To determine weather hrp84 is bound to poly(A)⁺ RNA (mRNA) both in the nucleus and cytoplasm, C. tentans tissue culture cells were exposed to UV-light, which cross-links protein-RNA complexes in vivo (47). Nuclear and cytoplasmic fractions were prepared and heated in the presence of SDS and mercaptoethanol to break non-covalent associations. The cross-linked RNA-protein complexes were collected onto oligo(dT) cellulose, and after washing the RNPs were eluted. The samples were further digested with RNase A and examined with SDS-PAGE followed by Western blotting using the monoclonal hrp84 antibody. As shown in Fig. 4C (lanes 1 and 2), hrp84 was cross-linked to both nuclear and cytoplasmic poly (A)⁺ RNA. The hrp84 protein did not co-purify with the mRNA when the ultraviolet was omitted (Fig. 4C, lanes 3 and 4). Thus, both the nuclear and cytoplasmic hrp84 is bound to mRNA.

To decide whether hrp84 is present in polysomes, cytoplasmic extracts were prepared and the polysomes resolved by sedimentation in sucrose gradients. The position of polysomes, monosomes and ribosomal subunits were determined by A₂₅₄ measurements (Fig. 5A) and by agarose gel electrophoreses of RNA in the collected fractions (data not shown). The hrp84 protein was analyzed by immunoblotting of the various fractions. Fig. 5B shows that hrp84 was present in the polysome region although most of the protein was recorded in the lighter fractions (fractions 12-15). As suggested by cross-linking experiments (data not shown), the relatively large amount of hrp84 in the top fractions is probably at least to a considerable extent due to release of loosely bound hrp84 from the polysomes during the extraction procedure (cf. loosely bound hrp36 in Ref. 48). The appearance of hrp84 in the polysome-containing fractions was sensitive to EDTA treatment (Fig. 5B), which causes the dissociation of ribosomes from mRNA (Fig. 5A). We conclude that hrp84 is associated with polysomes. In conclusion, hrp84 is bound to mRNA both in the nucleus and cytoplasm. At least some hrp84 remains linked to polysomes during translation.
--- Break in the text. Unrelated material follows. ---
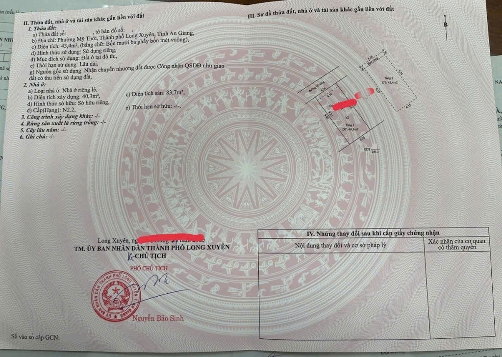 📐 Diện tích: 43.4 m² (4.36 x 9.45). Hướng: Tây Bắc.

hrp84 Interacts Directly with the Y-box Protein ctYB-1—The observed behavior of hrp84 is similar to that earlier reported for another C. tentans RNA-binding protein, the Y-box protein ctYB-1. This protein is also bound to mRNA sequences both in the nucleus and cytoplasm and is associated with the endoplasmic reticulum (35) We now also show that ctYB-1 cosediments with polysomes in an EDTA-sensitive manner, suggesting that ctYB-1 is present in polysomes (Fig. 5C).

To determine whether hrp84 and ctYB-1 are closely associated both in the nucleus and cytoplasm, we immunoprecipitated hrp84 from the nuclear and cytoplasmic extracts and tested for co-precipitation of ctYB-1 by immunoblotting. As shown in Fig. 6A, ctYB-1 was coupled to hrp84 in both the nuclear and the cytoplasmic samples (lanes 3 and 5). Addition of RNase A to the extracts before immunoprecipitation did not prevent ctYB-1 from co-precipitating with hrp84 (Fig. 6A, lanes 4 and 6, respectively). Immunoprecipitation by a rat antimouse antibody did not bring down ctYB-1 (lane 7). These results suggested that hrp84 and ctYB-1 are linked to each other in a complex in the nucleus as well as in the cytoplasm.

View larger version (51K): [in this window] [in a new window]   FIGURE 4. Localization of hrp84 in C. tentans tissue culture cells. A, immunocytology. C. tentans tissue culture cells were stained with anti-hrp84, anti-hrp45, and preimmune antibodies. B, Western blot analysis of nuclear and cytoplasmic fractions. The nuclear (N) and cytoplasmic (C) fractions were studied with anti-hrp84 (lanes 1 and 2), anti-hrp45 (lanes 3 and 4), and anti-tubulin antibodies (lanes 5 and 6). The two latter antibodies were used as markers for nucleus and cytoplasm, respectively. C, UV cross-linking of hrp84 to nuclear and cytoplasmic poly(A)+ mRNA in vivo. Nuclear and cytoplasmic RNP extracts were isolated from UV-irradiated (+UV) or non-irradiated (-UV) cells, and the proteins cross-linked to poly(A)+ RNA were collected on oligo(dT) cellulose as described under "Experimental Procedures." The RNP samples were digested with RNase, and the proteins were separated by SDS-PAGE and analyzed by immunoblotting using the monoclonal hrp84 antibody. Molecular size (kDa) markers are indicated to the left. N, nucleus; C, cytoplasm.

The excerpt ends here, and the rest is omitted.